Personal information
- Full name: Matheus Henrique Machado de Santana
- Date of birth: 28 August 1998 (age 28)
- Place of birth: Salvador, Bahia, Brazil
- Height: 1.75 m (5 ft 9 in)
- Position: Defensive midfielder

Team information
- Current team: PSPS Pekanbaru
- Number: 8

Youth career
- 2018–2019: Vitória B

Senior career*
- Years: Team / Apps / (Gls)
- 2019–2020: Vitória / 1 / (0)
- 2020–2021: Jacuipense / 3 / (0)
- 2021–2022: → Cianorte / 0 / (0)
- 2022: Cianorte / 8 / (0)
- 2022–2023: Nejmeh / 9 / (2)
- 2023: Comercial-SP / 5 / (0)
- 2023–2024: Figueirense / 8 / (0)
- 2024–2026: Persiraja Banda Aceh / 20 / (4)
- 2026–: PSPS Pekanbaru / 1 / (0)

= Matheus Machado (footballer, born 1998) =

Brazilian footballer

Matheus Henrique Machado de Santana (born 28 August 1998) is a Brazilian professional footballer who plays as a defensive midfielder for Championship club PSPS Pekanbaru.

==Club career==
Born in Salvador, Bahia, Brazil, Matheus is a youth product from Vitória. He made his first-team debut on 19 May 2019, in a 3–1 lose against São Bento In 2019 Campeonato Brasileiro Série B, but he mostly played in the U23 team.

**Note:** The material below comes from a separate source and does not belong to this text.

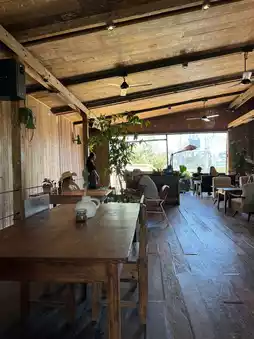Gigi Susu stands out with its aesthetically pleasing interior that embodies a rustic yet modern tropical vibe. The café features natural wood furnishings, lush green plants, and soft, ambient lighting, creating a warm and welcoming environment. Its open-air design allows for a pleasant breeze, making it an ideal spot to escape the Balinese heat and unwind.

In July 2020, he joined Jacuipense of Série C.

Ahead of 2022–23 season, he decided to go abroad for the first time to Lebanon with joined Nejmeh. He made his league debut for the club on 8 January 2023 as a starter in a 0–0 draw over Al Ahed. On 19 February 2023, he scored his first league goal for Nejmeh in a 1–1 draw over Al Ahed.

===Figueirense===
In December 2023, Matheus signed a contract with Figueirense. Matheus made his club debut on 22 April 2024, coming as a substitutes in a 2–1 home win against Ferroviário.

===Persiraja Banda Aceh===
On 16 December 2024, Indonesian Liga 2 side Persiraja Banda Aceh announced the signing of Matheus on a year deal. Four days later, Matheus made his league debut for Persiraja in a match against Persikota Tangerang, he give assists a goal by Miftahul Hamdi in a 6–2 win at H. Dimurthala Stadium.

On 5 January 2025, Matheus scored his first league goal for the team, opening the scoring in a 2–0 win over Dejan. He also earned man of the match in his second appearances. On 26 January 2025, Matheus scored the winning goal in a 2–3 away win over Deltras. He made seven league appearances for Persiraja, with four assists and two goals. On 20 June 2025, Matheus along with Miftahul Hamdi extended his contract with the club for one season.